The tumor cells feature an immunoblastic or plasmablastic appearance with vesicular nuclei and frequently a large central nucleolus (Fig. 2.11a). One characteristic architectural feature is a sinusoidal growth pattern in many cases, creating a differential diagnosis with carcinoma. CD20, CD79A, and PAX5 are usually negative, but the tumor cells express CD45, EMA, IRF4/MUM1, immunoglobulin light chain genes and often IgA. In addition, CD138, BLIMP1, and XBP1 are usually positive. CD30 is negative or only weakly expressed [150]. All cases are EBV- and HHV8-negative. By definition, the ALK kinase is expressed, usually in the cytoplasm with a granular pattern (Fig. 2.11b), and these cases frequently harbor ALK-CLTC translocations [150,151,152]. Tumors with the classical ALK-NPM translocation inferring nuclear and cytoplasmic expression of the ALK protein are rare. ALK activation leads to upregulation of the STAT3 pathway, and ALK-positive LBCL express high levels of phospho-STAT3. STAT3, in turn, upregulates MYC and also BLIMP1. Consistently, ALK-positive LBCLs also express the MYC protein, but do not harbor MYC translocations [153].

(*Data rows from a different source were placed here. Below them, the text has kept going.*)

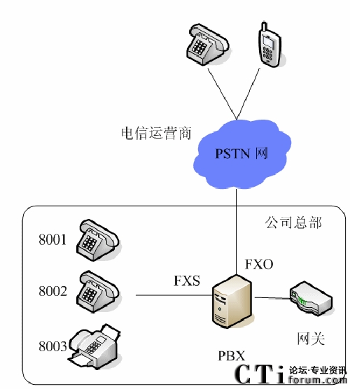 公司總部增加一臺語音網(wǎng)關,通過中繼線與原有的PBX相連,異地分公司增加一臺IPPBX,下面開通分機,公司總部和分公司通過IP網(wǎng)連接在了一起。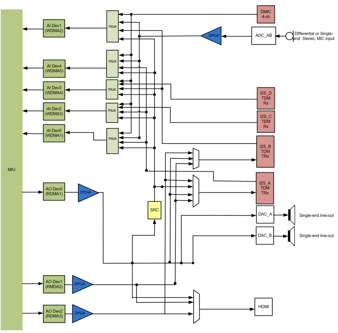 audio3.0中还包括另一类Device,即AI设备不经过DMA,直接将数据流送至AO设备,如(Amic→Lineout)。这一类device称为直通通路Device,即Passthrough,目前仅支持MI_AUDIO_PASSTHROUGH_DEV_1。
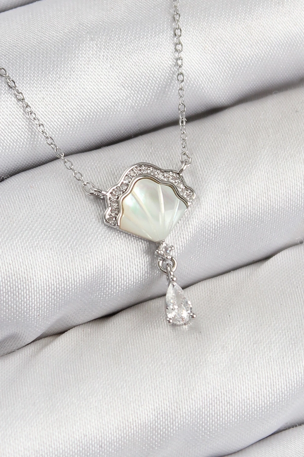 ® Pirinç Zirkon Taşlı İstiridye Model Gümüş Renk Kadın Kolye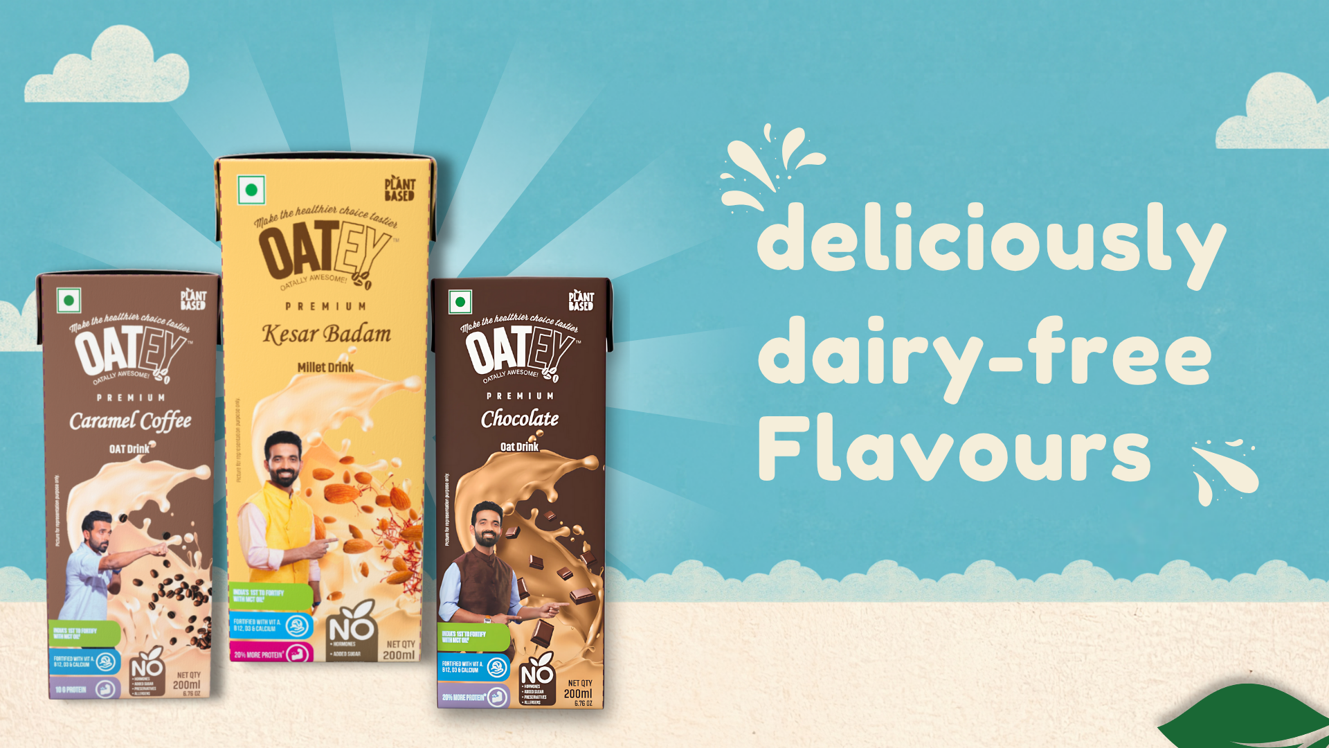 Oatey offers Caramel Coffee Oat Drink, Barista Oat Milk, Chocolate Oat Milk, Kesar Badam Millet Milk, and Assorted Packs.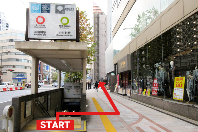 (1)A3出口をご利用の場合は、階段を上がりUターンし、淡路町交差点に向かって進んでください。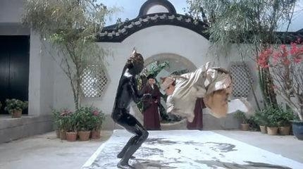 当年,还有这么一个镜头现在也成为经典了,但是当年的巩俐却坚持用了替身。那就是“还我漂漂拳”那场戏,其实这段戏,其他三人都是本人化妆主演。导演原来布置秋香被踢后的模样的是巩俐被打成猪头状,然后周星驰用“还我漂漂拳”帮她还原。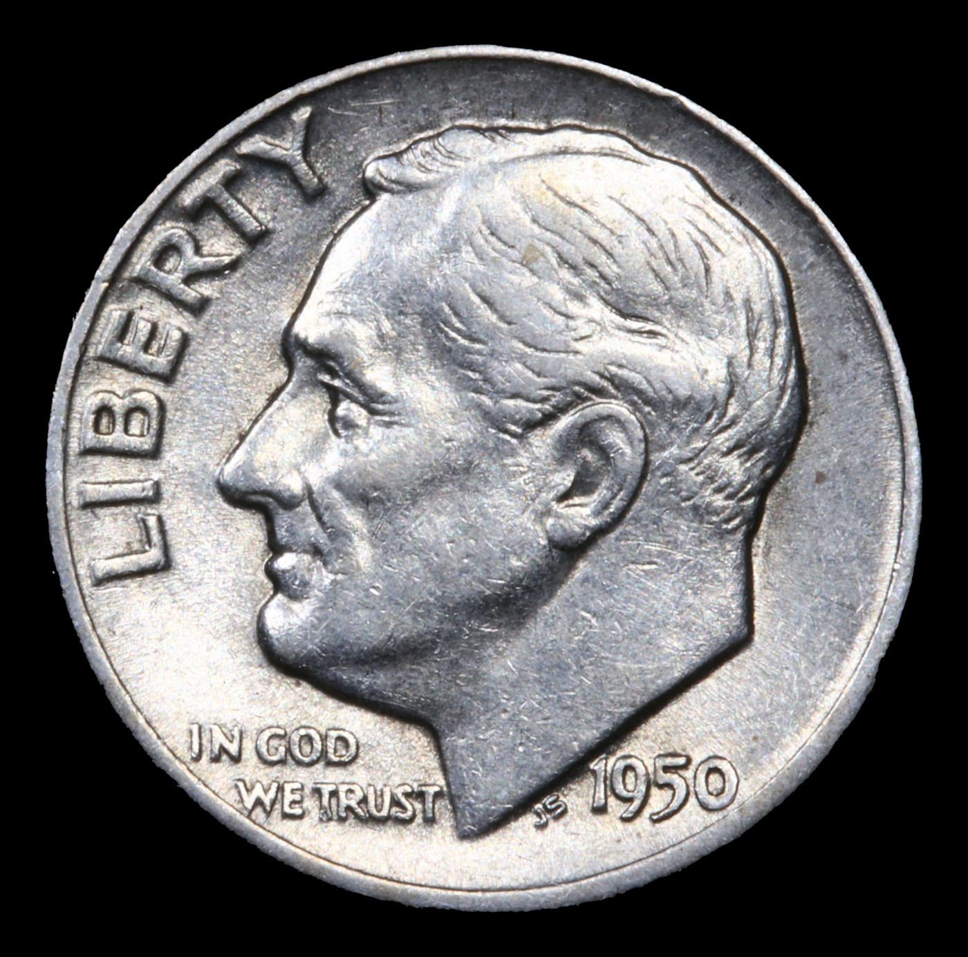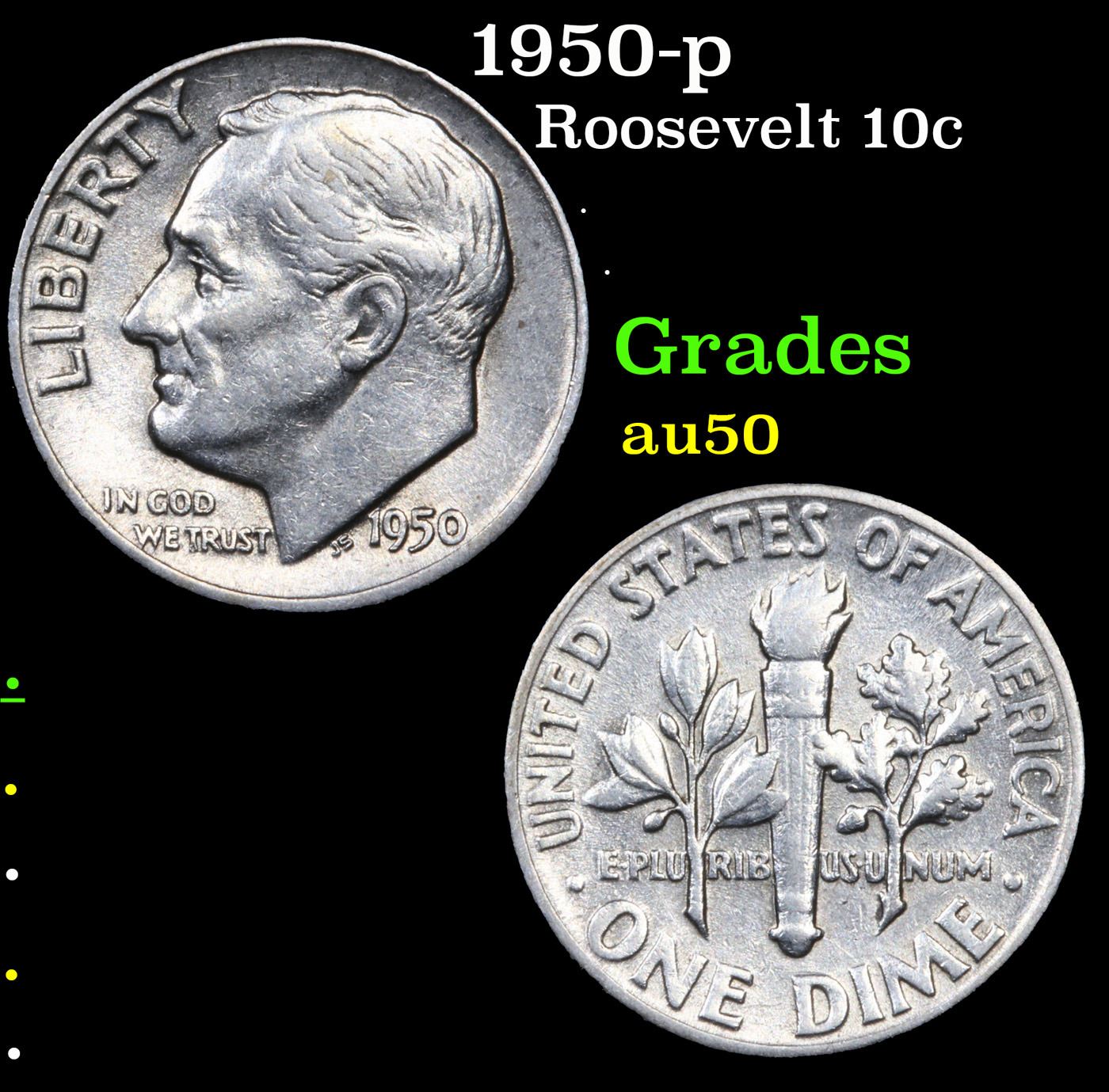 1950-p Roosevelt Dime 10c Grades AU, Almost Unc.

4.5 Primary Mediastinal (Thymic) Large B-Cell Lymphoma
Primary mediastinal (thymic) large B-cell lymphoma (PMBCL) is regarded as a distinct subtype of DLBCL with organotypic features. The tumor usually presents in the upper anterior mediastinum of predominantly young adults, with a median age of 35 years and a female to male ratio of 2:1. The tumor can invade into neighboring structures such as the thoracic wall, the pericardium, the pleura, and the lung. Symptoms are related to the often bulky mediastinal mass, such as superior vena cava obstruction, dyspnea, and chest pain [139]. More recently, cases with a gene expression profile of PMBCL have also been described outside the mediastinum [154].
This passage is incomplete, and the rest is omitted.